The entries that follow include a run beginning at the line with "Mooi porseleinen heiligenbeeld" and ending at the line with "检查组一行对学校门卫体温检测"; restate that run word for word and leave the rest out.

(DATASET)

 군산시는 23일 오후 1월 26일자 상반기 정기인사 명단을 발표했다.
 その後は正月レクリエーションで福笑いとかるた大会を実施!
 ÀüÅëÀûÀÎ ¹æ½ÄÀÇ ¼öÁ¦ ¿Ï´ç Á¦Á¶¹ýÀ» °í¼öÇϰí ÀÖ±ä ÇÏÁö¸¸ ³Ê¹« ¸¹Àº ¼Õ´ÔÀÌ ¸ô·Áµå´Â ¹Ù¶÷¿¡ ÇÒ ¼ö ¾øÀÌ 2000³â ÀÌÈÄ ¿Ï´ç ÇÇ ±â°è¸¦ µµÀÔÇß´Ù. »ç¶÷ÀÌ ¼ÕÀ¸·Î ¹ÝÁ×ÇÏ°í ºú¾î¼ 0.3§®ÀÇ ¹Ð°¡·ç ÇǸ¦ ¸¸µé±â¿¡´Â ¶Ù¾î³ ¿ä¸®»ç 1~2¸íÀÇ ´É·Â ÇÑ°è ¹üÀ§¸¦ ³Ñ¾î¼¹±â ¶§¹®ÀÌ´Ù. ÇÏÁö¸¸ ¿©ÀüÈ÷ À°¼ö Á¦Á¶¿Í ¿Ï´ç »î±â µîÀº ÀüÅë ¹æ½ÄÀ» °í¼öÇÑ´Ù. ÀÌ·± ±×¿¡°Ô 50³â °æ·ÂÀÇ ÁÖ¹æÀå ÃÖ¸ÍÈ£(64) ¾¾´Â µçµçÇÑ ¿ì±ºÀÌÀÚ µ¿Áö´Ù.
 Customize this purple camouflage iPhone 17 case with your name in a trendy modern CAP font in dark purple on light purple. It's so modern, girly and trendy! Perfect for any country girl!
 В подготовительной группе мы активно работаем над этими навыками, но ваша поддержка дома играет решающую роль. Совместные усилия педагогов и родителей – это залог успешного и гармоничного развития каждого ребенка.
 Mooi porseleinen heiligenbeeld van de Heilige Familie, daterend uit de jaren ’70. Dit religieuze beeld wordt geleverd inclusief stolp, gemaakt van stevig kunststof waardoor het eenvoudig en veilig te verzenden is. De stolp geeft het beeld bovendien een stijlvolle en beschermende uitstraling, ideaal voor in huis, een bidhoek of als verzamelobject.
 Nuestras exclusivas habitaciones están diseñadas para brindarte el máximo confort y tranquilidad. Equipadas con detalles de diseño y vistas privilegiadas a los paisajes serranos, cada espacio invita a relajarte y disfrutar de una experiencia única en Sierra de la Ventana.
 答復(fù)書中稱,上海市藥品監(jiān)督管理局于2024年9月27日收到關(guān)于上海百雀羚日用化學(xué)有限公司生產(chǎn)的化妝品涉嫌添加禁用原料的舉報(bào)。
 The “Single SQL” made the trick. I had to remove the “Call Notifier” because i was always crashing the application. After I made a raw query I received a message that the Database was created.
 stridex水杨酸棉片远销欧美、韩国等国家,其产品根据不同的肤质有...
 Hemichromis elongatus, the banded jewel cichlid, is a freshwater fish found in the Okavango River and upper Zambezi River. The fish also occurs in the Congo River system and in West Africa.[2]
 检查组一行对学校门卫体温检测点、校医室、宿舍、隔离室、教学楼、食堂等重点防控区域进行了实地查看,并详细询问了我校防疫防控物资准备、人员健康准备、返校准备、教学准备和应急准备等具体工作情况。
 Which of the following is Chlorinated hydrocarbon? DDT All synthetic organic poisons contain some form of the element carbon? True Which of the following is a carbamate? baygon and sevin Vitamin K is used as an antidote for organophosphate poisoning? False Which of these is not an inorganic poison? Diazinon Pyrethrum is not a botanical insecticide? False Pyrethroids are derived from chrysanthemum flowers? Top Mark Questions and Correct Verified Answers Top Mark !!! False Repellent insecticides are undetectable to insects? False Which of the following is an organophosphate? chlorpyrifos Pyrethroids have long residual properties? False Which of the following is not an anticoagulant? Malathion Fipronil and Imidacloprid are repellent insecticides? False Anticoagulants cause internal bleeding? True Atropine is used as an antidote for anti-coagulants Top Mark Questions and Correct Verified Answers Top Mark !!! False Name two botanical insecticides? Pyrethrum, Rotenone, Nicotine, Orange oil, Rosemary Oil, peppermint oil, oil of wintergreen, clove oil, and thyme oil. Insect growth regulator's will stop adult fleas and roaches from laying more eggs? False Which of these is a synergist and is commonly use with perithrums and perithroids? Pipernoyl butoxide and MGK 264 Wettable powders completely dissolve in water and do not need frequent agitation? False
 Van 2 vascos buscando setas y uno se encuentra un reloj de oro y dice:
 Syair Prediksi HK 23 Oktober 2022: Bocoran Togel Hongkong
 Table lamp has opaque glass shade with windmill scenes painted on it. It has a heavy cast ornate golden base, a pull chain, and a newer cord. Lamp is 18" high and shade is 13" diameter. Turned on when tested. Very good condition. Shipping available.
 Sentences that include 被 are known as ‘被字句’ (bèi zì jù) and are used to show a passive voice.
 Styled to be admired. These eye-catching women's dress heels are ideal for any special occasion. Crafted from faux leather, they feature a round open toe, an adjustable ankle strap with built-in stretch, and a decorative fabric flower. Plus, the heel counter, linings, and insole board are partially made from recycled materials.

(End DATASET)

SOLUTION FOR THIS PROBLEM =>
 Mooi porseleinen heiligenbeeld van de Heilige Familie, daterend uit de jaren ’70. Dit religieuze beeld wordt geleverd inclusief stolp, gemaakt van stevig kunststof waardoor het eenvoudig en veilig te verzenden is. De stolp geeft het beeld bovendien een stijlvolle en beschermende uitstraling, ideaal voor in huis, een bidhoek of als verzamelobject.
 Nuestras exclusivas habitaciones están diseñadas para brindarte el máximo confort y tranquilidad. Equipadas con detalles de diseño y vistas privilegiadas a los paisajes serranos, cada espacio invita a relajarte y disfrutar de una experiencia única en Sierra de la Ventana.
 答復(fù)書中稱,上海市藥品監(jiān)督管理局于2024年9月27日收到關(guān)于上海百雀羚日用化學(xué)有限公司生產(chǎn)的化妝品涉嫌添加禁用原料的舉報(bào)。
 The “Single SQL” made the trick. I had to remove the “Call Notifier” because i was always crashing the application. After I made a raw query I received a message that the Database was created.
 stridex水杨酸棉片远销欧美、韩国等国家,其产品根据不同的肤质有...
 Hemichromis elongatus, the banded jewel cichlid, is a freshwater fish found in the Okavango River and upper Zambezi River. The fish also occurs in the Congo River system and in West Africa.[2]
 检查组一行对学校门卫体温检测点、校医室、宿舍、隔离室、教学楼、食堂等重点防控区域进行了实地查看,并详细询问了我校防疫防控物资准备、人员健康准备、返校准备、教学准备和应急准备等具体工作情况。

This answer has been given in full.